I'm of your ilk with the awkward goodbyes. Especially with people who insist on the Continental type kissing of both cheeks - without fail, I bop noses with them. When I was your age, back in the Jurassic Period, I had a really bad habit of turning my head whenever a fella leaned in for a kiss, leaving him with a mouthful of hair or an ear lobe.
Goodness! Are we related? Are you me? Well, apart from wrong sex and 20+yrs age difference and different country, that is.
It's that thing of hitting the universal in the particular - and you have it. Lovely, open, and 'real' - you could almost taste the kiss at the end.
Ah, lovely story!
I'm not one for the hugs and kisses greetings either, PARTICULARLY with people you see every day.
I once witnessed two young wans in Brown Thomas saying goodbye at the make-up counters, all hugs and kisses and 'see ya soons' and they went off in seperate directions. No word of a lie, half an hour later I ran into them again in the clothes section and they actually SQUEALED and hugged each other AGAIN! Like they hadn't JUST seen each other!
My best friend and I don't do the hugs and kiss thing even though we love each other. At parties or whatever we usually greet each other with a sardonic eye-roll and leave it at that!
My friend/flatmate/life partner Fitzbollix kicks me in the balls every time we see each other. In a playful way, like.
Thanks, Missus.
As Anonymous says, it's that great talent you have... puts my left hand back on the old leather saddle as I lean over the bar.

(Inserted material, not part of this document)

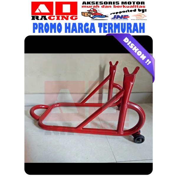 Pada kesempatan kali ini saya ingin mambahas jenis paddock motor. Terutama jika kalian akan menggunakan standar paddock dengan penopang model u. Olehkarena itu penggunaan paddock buat motor yang tidak ada standar tengahnya ini sangat diperlukan selain dari memudahkan untuk memutarkan roda katanya sih agar shock depan bebas beban dan menjaga keseimbangan. Paddock stand berfungsi untuk menegakan motor.
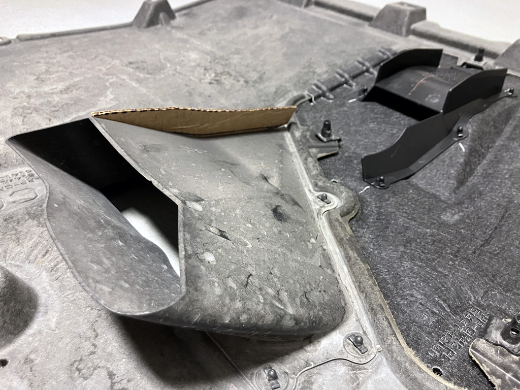 Toyota released a revised undertray beneath the engine for 2025 models. Instead of purchasing the entire undertray for ~$250, I opted for the $40 revised panel insert only. This panel insert has a NACA duct that feeds cold air towards the transfer case. With a little bit of ingenuity, I added

A cousin tells me there's a woman down the country who once asked if she, my cousin, was related to me.
"Yes," she said. "He's my first cousin..."
"Oh, I was absolutely mad about him in college."
The name must have stayed with her for thirty years. I never met her. It must have been from far afar.
Happy Christmas!!
there are a few fellas i wish i'd left with a mouthful of hair, Tessa.
thanks, Anonymous.
oh, Karen! the horrors. Brown Thomas. Make-up counter. SQUEALING. the stuff of nightmares.
he sounds delightful, Radge. you should ask santy for a slingshot. or a cricketer's cup.
you're the sort of fella to make such an impression, Conan. nollaig shona, a chara, dod' chlann is dod' chéile.
"because I'm one of those ugly people who accessorise with good-looking friends."
Baaaah-ha-haaaaa-ha ha ha
and Happy Christmas, ye big softie
belated happy christmas to you too, Rua, you even bigger softie.